Investing for a salaried individual should be a top priority and I will start with one of my all time favourite quote from Warren Buffet:
Don’t save what is left after spending; spend what is left after saving.
So true and yet very easily neglected. It is more so for a salaried individual than self-employed or business person because they have a natural tendency of investing in one own’s business over time to make it grow.
So the question is how and where one should begin investing as a salaried individual.
Insurance is not an investment
Salaried individuals have a very high tendency of avoiding investing and even if they invest, often the first investment will be an insurance policy.
It happened to me and I am sure it has happened to most of us who have just embarked the new role in their life of being an employee.
Such an insurance cum investment is neither an insurance nor an investment. On top of that you are more likely to have paid 20% as fees to the person who sold you the policy and if you want to break-even with your investment you will be stuck for at least 7 years to get back the total capital invested. Give and take few months here and there.
Consider Tax as an Expense
Tax is an expense that should be taken care off by the salaried individuals.
If your salary is high, your PF (provident fund) contribution may be enough for the total tax you can save but if you have any amount left that can be invested to save tax, you should definitely do it.
My personal choice of saving tax is through ELSS (Equity linked saving scheme) based mutual funds. If you are young and can remain invested for few years, you should definitely consider these best tax saving ELSS mutual funds because other means of investing to save tax doesn’t provide any returns after adjusting for inflation. Equity as an asset class is the only option where you can save tax and make decent returns on the invested capital.
Emergency Fund – What’s that?
We Indians neglect emergency fund like hell but the fact of the matter is once your ememrgencies are covered, you will be much better managing the finances.
You should focus on making sure you have some money kept for emergency and it can be as little as your minimum balance for your account to few times that money. It should be used as only in an emergency.

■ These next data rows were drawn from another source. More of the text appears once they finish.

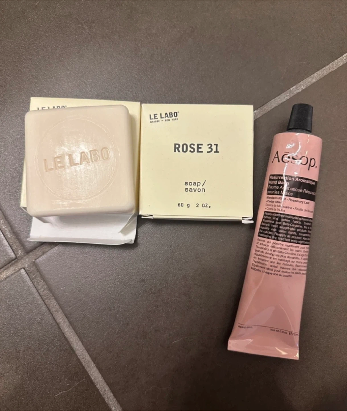 Selling two Le Labo Rose 31 soap (60g / 2 oz) and one Aesop Resurrection Aromatique Hand Balm (Net wt 2.6oz)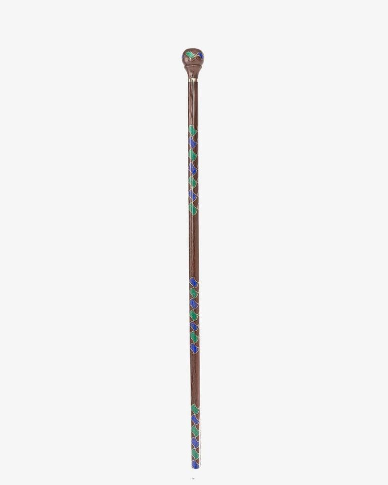 عصا عكاز فاخر من خشب فينجي طبيعي , مزين بالملاكيت واللازورد وبمعدن مصقول بطريقة احترافية ناعمة الملمس ,بمقبض دائري ذو صناعة يدوية على ايدي امهر الحرفيين المتخصصين في تصنيع عصا العكاز الاخشاب الطبيعية ,وتم صقلها بإحترافية متعددة الاستخدام وطولها 97 سم, تصلح في المناسبات الاجتماعية لجميع الاذواق.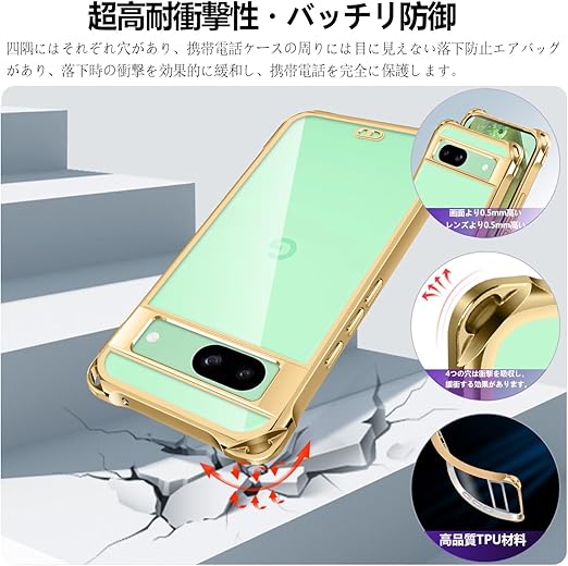 Google Pixel 8a ケース クリア ショルダー Google Pixel 8a スマホケース 携帯ストラップ ピクセル8a カバー 肩掛け 斜めかけ 縄掛けケース 透明 薄型 軽量 TPU 携帯ケース 紐付き 斜めがけ 織りストラップ付き 長さ調整可能 取り外し可能 落下防止 紛失防止(ゴールド)1

If you have an emergency fund set aside, you can invest with much more conviction but more importantly, you can avoid those high-interest credit card debts that are often taken in case of an emergency and are quite hard to pay early due to a high penalty for pre-payment.
The Investment Avenues
I am always biased towards equity investment but if you can invest for a rental income, go with a commercial property as an investment. The idea is not to consider the appreciation in the price of the property but the focus is to generate a regular monthly income with rent.

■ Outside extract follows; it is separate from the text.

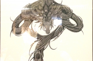 画業10年を迎えた大城の個展は首里観音堂という寺院で行われ、堂内には新作10点と二双の屏風絵も展示された。作品は大城の祖母から聞いた人の生き方、心の持ち様、社会に対しての考え方や教えを元に、ごく細密の点描で描画表現されている。その中で、今の力を出し切って観音像を描いたという『龍頭真如』は、出来上がってみると観音にはまだ達していない修行の身のように感じるという。描かれた観音と龍の目は閉じたままだ。それは、作者自身の中を問い、見つめ直しているという意味を持つ。画家としていまだ達していない今の自分自身と照らし合わせたこの作品の、本当の完成を今後見れる事を期待したい。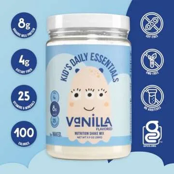 Show more Introducing our delicious and nutritious kid's nutritional shake, crafted with love in the USA in a Good Manufacturing Practices (GMP) facility. This shake is not just an ordinary drink; it’s a healthy blend designed specifically for children to kickstart their day or serve as a wholesome snack in between meals. Each serving packs a powerful punch with 8g of Organic Protein from high-quality organic milk, along with a delightful blend of 6 Organic Vegetables and 25 essential Vitamins and Minerals, all contained within just 100 calories.

If you are considering equity, you don’t need to be investing in stocks and you can do everything without investing in stocks and only with mutual funds. The idea is to make more money and stocks only make sense if you are able to beat the returns from the best performing mutual funds. If you can’t just invest with them.
Make Investment a Habit
The important aspect isn’t about investing big but start investing early. You should consider investing a habit. If you are one of those guys who don’t understand diversification or mumbo-jumbo of investing, it is all good. There is ample time that it can be look at later stage.
The start is the most important aspect of investing. It isn’t about how much you are investing and what returns may be generating but you have to start investing and do it on a consistent basis to make the investment a habit.
SIP is best thing that has ever happened for salaried individuals in India and instead of focusing too much on the anything else, start a SIP in one of the best performing mutual funds and decide on diversification and asset allocation after couple of years of investing. Even if you make subpar returns, you will be better off than majority of people who has lost money doing futures and options trading or margin trading.
Save Taxes on Investment Returns
If returns aren’t taxed after a stipulated amount of time, remain invested for a slightly longer period and save the tax.
A penny saved is a penny earned.
As an example, if you are investing in equity mutual funds, the return on investment after 1 year is slightly less. For debt mutual funds, the return on investment is tax-free (lesser tax after indexation for some debt funds) after 3 years. If you are investing in Gold ETFs, the return on investments is tax-free after 1 year where as an investment in physical gold the tenure is 3 years and you also need to the pay GST. Similarly, you can save some short term capital gain tax based on indexation on a sale of the residential property if you keep them for 3 years or more.
So knowing when the returns are taxable for your investment can help you save a considerable amount of tax.